Book Led Curriculum

We follow the Book Led Curriculum. Just as it sounds, all of our learning is introduced and supported by lovely, engaging books that have been carefully chosen to support the National Curriculum.

The book-led curriculum: where reading excites children to ask questions and learn new knowledge and skills.

The book-led curriculum has reading for purpose at its very core. Each unit of work has a high-quality, age appropriate driving text assigned that is used as the catalyst to impart curriculum knowledge and promote questioning. These texts are carefully selected to engage, inspire and deepen understanding. Alongside this, supplementary texts and bespoke knowledge organisers enable pupils to enrich their knowledge, vocabulary and curriculum skills. Every curriculum session begins with reading for purpose, from either the driving book or a supplementary text. Pupils then use this as a stimulus to discuss new knowledge, deepen their enquiry skills and form links in their learning.

The long-term plan is devised so that there are clear subject links within a unit, enabling pupils to make connections in their learning. This is also the case with the subject strands: skills within these correlate with other subjects, for example the skills within similarities and differences in history work parallel with making comparisons in geography.  Curriculum units are also placed before background knowledge is required for the reading strategy texts.

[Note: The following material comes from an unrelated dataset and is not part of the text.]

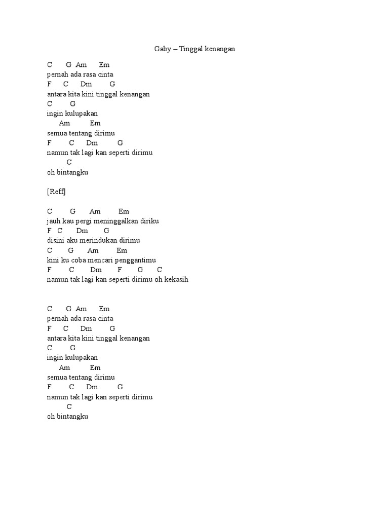 Chord Gitar Gaby Tinggal Kenangan Chordtela / Capo fret 3 intro :

This ensures that pupils have a further opportunity to demonstrate knowledge in a different context, build schema and reinforce retention of facts.

All learning is mastery of skills, which are progressive through the year, a phase and key stage. For the book-led curriculum these are entitled take-aways and relate to different strands of each subject. Reinforcing our strong belief in fostering enquiry, all units have an overarching question as its title and each session has a threaded question: all of which are used to assess pupil progress.

Influential people are also paramount to the curriculum, and are used in all subjects. These are selected to span different eras and link directly to the unit of work pupils are learning. By incorporating a range of people (e.g. historians, scientists, entrepreneurs), new learning is put into a real-world context, developments within a subject historically are seen and pupils are given an insight into how their learning impacts on the world around them and aspires them for future careers.